A reality based independent journal of observation & analysis, serving the Flathead Valley & Montana since 2006. © James Conner.

29 March 2016

The email, not spam, asked: “Will you go to jail?”

As intended, that question, from the Bold Progressives, got my attention. The Bold Progressives and upwards of a hundred allies will engage in nonviolent civil disobedience in early April to underscore just how fed up they are with Citizens United campaign finance decision that’s billionaires buy elections. The email invited me to join the festivities:

Six years ago, the Supreme Court undermined our democracy with Citizens United. In 2013, they did it again by gutting a key provision of the Voting Rights Act.

Deaf to the pleas of millions, Congress has failed to right these wrongs. Now, we must act.

This April, we and over a hundred progressive allies will mobilize by the thousands in Washington DC and around the nation. We’ll demand a democracy where all can be heard and all get to vote.

And we won’t leave until our demands are met or they take us to jail in handcuffs.

Click here to join the fight for our democracy. (Risking arrest is optional.)

We won’t be alone. Thousands of people from over a coalition of over hundred organizations will come together in April to raise our voices as one. Organizations such as 99 Rise, who made history videotaping their protest inside the Supreme Court on the anniversary of Citizens United. (You may remember seeing the video on MSNBC.)

The action will begin on April 2nd with a 140-mile march from Philadelphia to Washington DC and a demand that Congress take immediate action to end the corruption of our democracy.

From April 11-16, PCCC co-founders Adam Green and Stephanie Taylor will join dozens of public figures and thousands of others who will risk arrest in one of the largest nonviolent civil disobedience actions in a generation. They’ll be supported by thousands more who will participate in legal protests without risking arrest.

Two weeks of escalating protest and media attention will culminate in a massive weekend of action April 16-18 with teach-ins, concerts, grassroots lobbying, a huge rally in Washington DC, and solidarity events in cities across the nation.

This will be like the Keystone tar sands action in 2014 — shifting the national debate as never before to the urgency of this crisis,the proposals that exist to solve it, and the overwhelming popular demand to enact them.

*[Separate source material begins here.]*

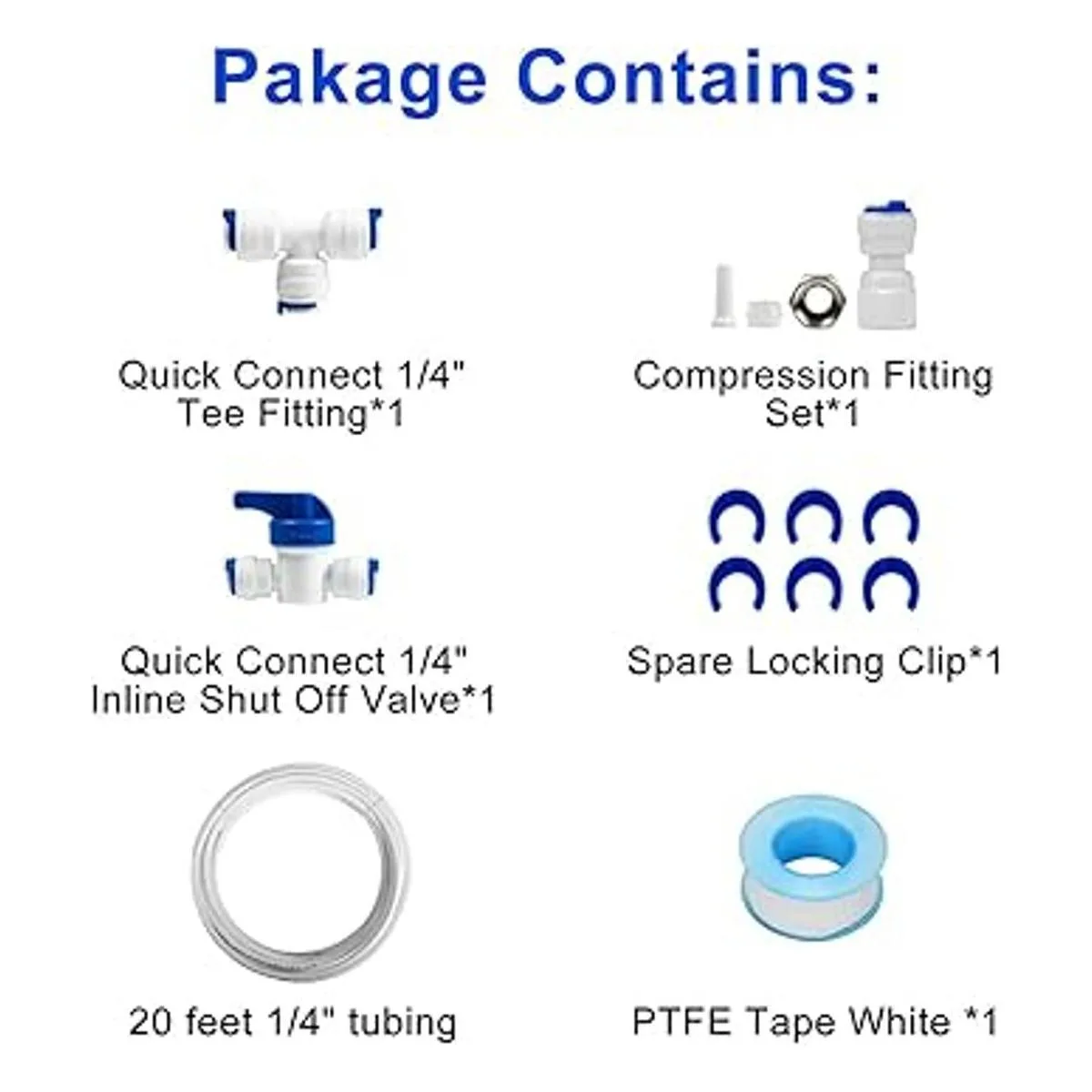El paquete incluye un tubo de 24.9 ft y una válvula de 0.2 in x 0.2 in x 0.2 in en T, una válvula de cierre en línea de 0.2 in x 0.2 in, un juego de ajuste de compresión.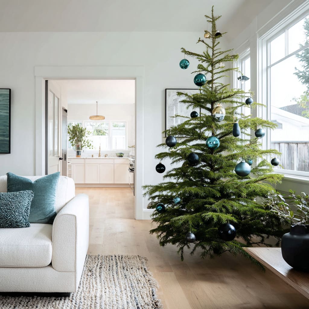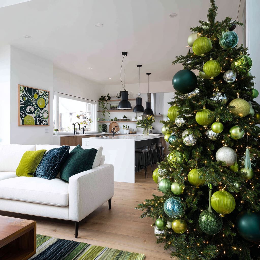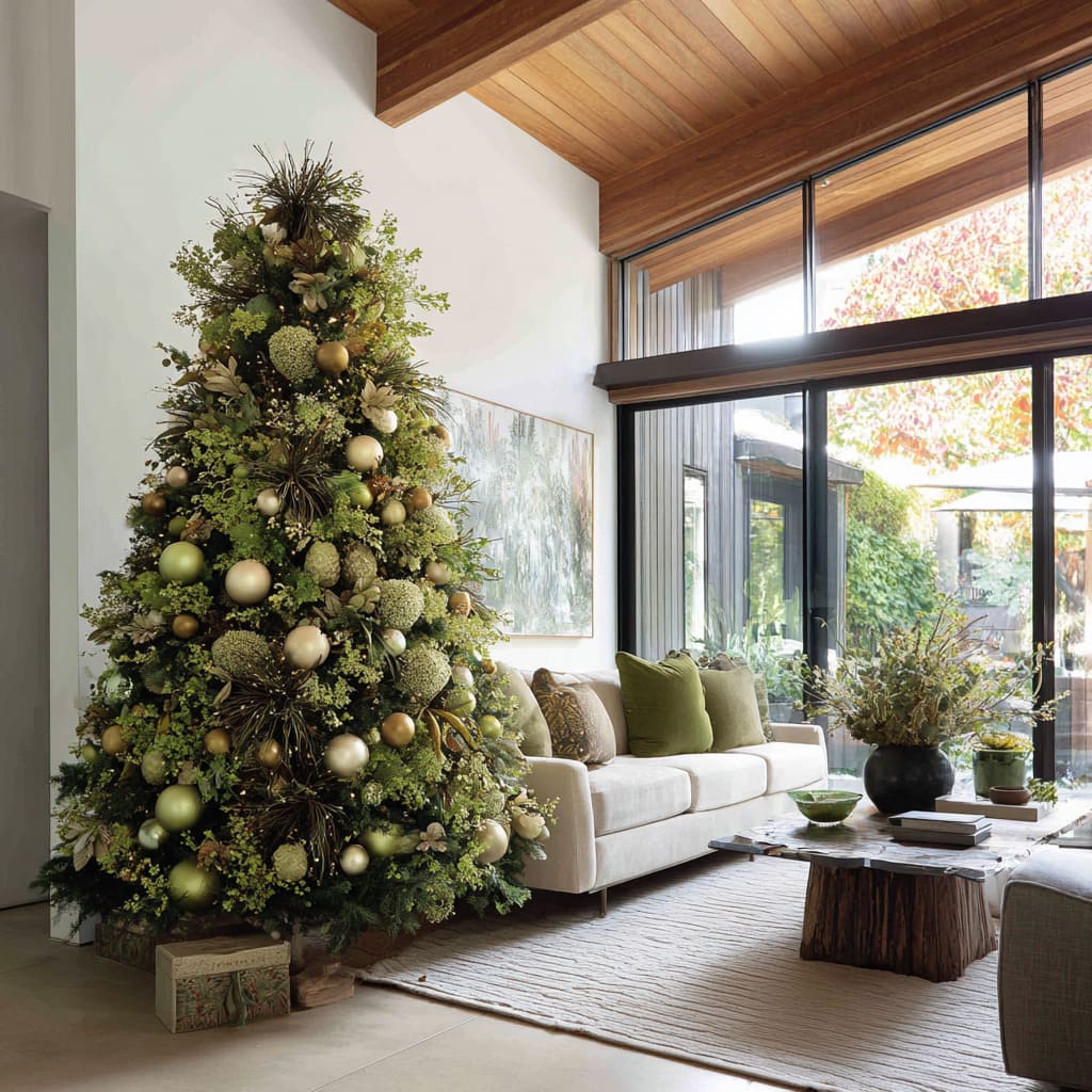 The biggest shift happens when the tree echoes tones already living in the room design—greens in cushions, ceramics, area rugs, or even outdoor foliage. When the palette feels familiar, the tree blends into the space as a vertical continuation of existing colors.

Will I join them? No. There are only two ways of undoing Citizens United. One is persuading a liberalized Supreme Court to reverse the decision. The other is passing an amendment that hardwires campaign finance limits into the constitution.

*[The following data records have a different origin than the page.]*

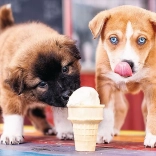Dieses Puzzle wird Sie mit seiner Form und dem Motiv zweier verspielter Welpen begeistern, die den Moment mit Eis genießen.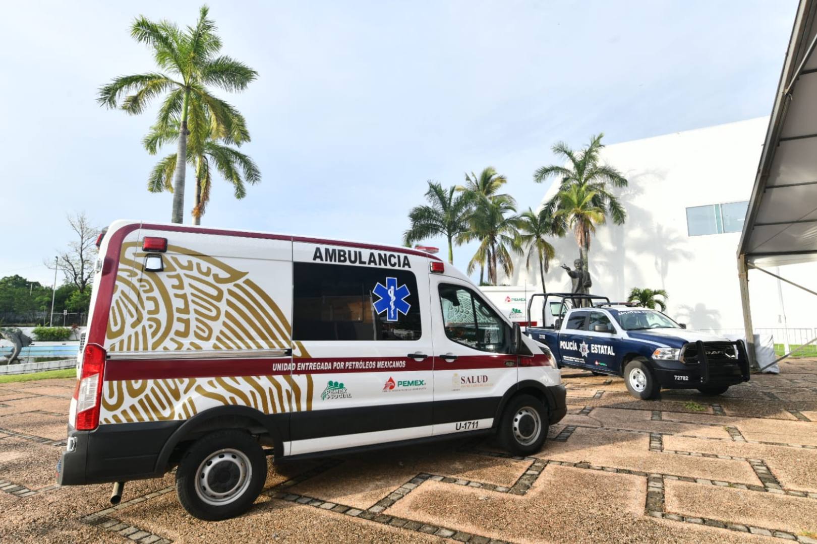 De esas unidades, ocho son patrullas para la Secretaría de Seguridad y Protección Ciudadana; dos vehículos de desazolve combinado (Vactors) para la Comisión Estatal de Agua y Saneamiento y tres ambulancias de traslado que la Secretaría de Salud destinará a los Hospitales de Cárdenas y de Cunduacán, así como al Servicio Estatal de Urgencias. Cabe señalar que esas 13 unidades entregadas al gobierno que encabeza el capitán Carlos Manuel Merino Campos, significan un monto de 30 millones de pesos.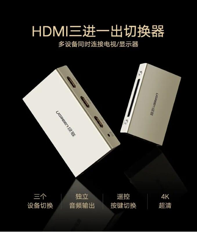 Ugreen 40369 Hdmi 3*1 Switch With 3.5Mm + Spdif Zinc Alloy Mm128 1. Features: Sharing a screen, a projector for 3 devices. 2. Input: HDMI x3 3. Output: HDMI x1, Optical Toslink x1, Audio 3.5mm
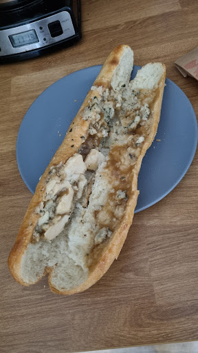Read moreOver priced and poor food. I've just bought a chicken and stuffing hot baguette from here. £4.15 and that's not even with a drink included! I got home and found that there was only 5 tiny pieces of chicken inside the sandwich! They were thin slithers too and when spread out evenly they were barely even noticeable. I know there's a cost of living crisis but £4.15 for this is daylight robbery. All I could taste was bread. I should've gone to Tesco for a meal deal instead. I don't usually eat from Greggs anyway and on this experience I won't be going back. At least the staff were friendly and potato wedges were tasty, hence the 2 stars...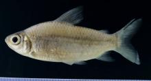 Тело немного удлиненное, сжатое с боков. Рыло вытянутое и немного задранное вверх. В спинном плавнике 11-12 мягких лучей, в анальном 9-10. Самцы мельче самок. Окраска: общий фон серебристо-серый. Грудные, брюшные и анальный плавники оранжевые. Вырастает до 18,9 см SL.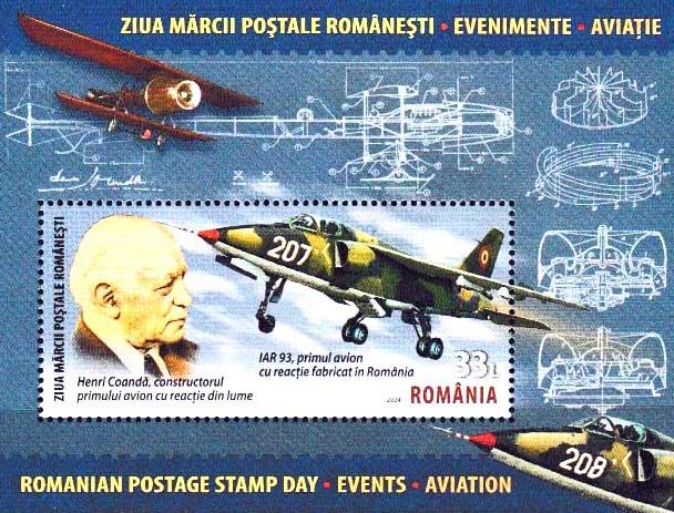 31 Rumänien - 4-wertige Serie und 2 Blocks „Tag der Briefmarke / Luftfahrt“, Mi.-Nr. 8367-70, Block 1006(8367-70) und Block 1007(8371), Beispielabbildung: Block 1007(8371) IAR 93MB Vultur, Henri Coanda -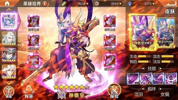 仙族选择斗战圣佛,是因为其第三技能“横扫四方”可对敌方前两排造成高额伤害,若走暴击流派,甚至能瞬间击溃敌方前两排。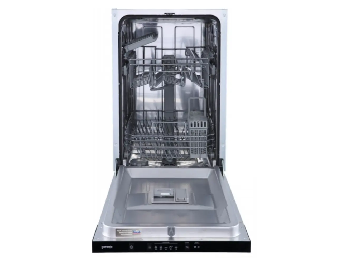 GORENJE GV520E15 არის ჩაშენებული ჭურჭლის სარეცხი მანქანა, სიმძლავრით 45 სმ და 9 კომპლექტიანი ტევადობით. ენერგოეფექტური E კლასი (≈70 kWh/100 ციკლი), წყლის მოხმარება მხოლოდ 9 ლ ციკლზე. აღჭურვილია Total AquaStop უსაფრთხოების სისტემით და თვითწმენდის ფილტრით. მოწყობილობა მოიცავს 5 პროგრამას: Eco, ინტენსიური, სწრაფი 1‑საათიანი, daily და წინასწარი (.soak), ასევე 3‑in‑1 დოზირების ფუნქციას. დისტანციური მართვა არა აქიზისი, მართვა ღილაკებით და LED ინდიკატორებით. სამუშაო ხმაურის დონე ≈47 dB (კლასი C), მართვის პანელში ჩაშენებული დისპლეით და რეგულირებად ზედა კალათით გამომწყვდეულია, რაც ზრდის მოხერხებულობას.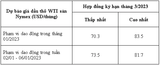 Trong phạm vi tháng 1/2023, dự kiến hợp đồng kỳ hạn tháng 3/2023 dao động với giá trung bình tương đương tháng 12/2022, trong phạm vi từ 70.3 – 83.5 USD/thùng.

If Democrats hold the White House and seize control of Congress, and the next justice to retire or drop dead is a conservative, the change in the court’s personnel could make a reversal possible. A constitutional amendment is possible, but the odds of getting it through 38 state legislatures are lottery level at this point.

Marching and getting arrested makes no sense to me. Classic nonviolent civil disobedience involves breaking an unjust law in the hope that being prosecuted for breaking it will result in the law’s being declared unconstitutional by a court, or repealed by a legislature. That was the principle at the heart of the sit-ins of the civil rights movement, and of Ghandi’s salt march. It requires conviction and courage.

But that’s not what the Bold Progressives, et al, are planning. No, they’re planning to raise a ruckus to call attention to the consequences of Citizens United. They’re out to offend peace and quiet, to disrupt the daily lives of people who may agree that the Citizens United decision is wrong, even evil, but who value domestic tranquility. Some, frankly, are so frustrated with Citizens United that they just have to do something besides make speeches and write letters to the editor. Yet others are hoodlums at heart who get thrills, and a sense of moral superiority, from what they call direct action.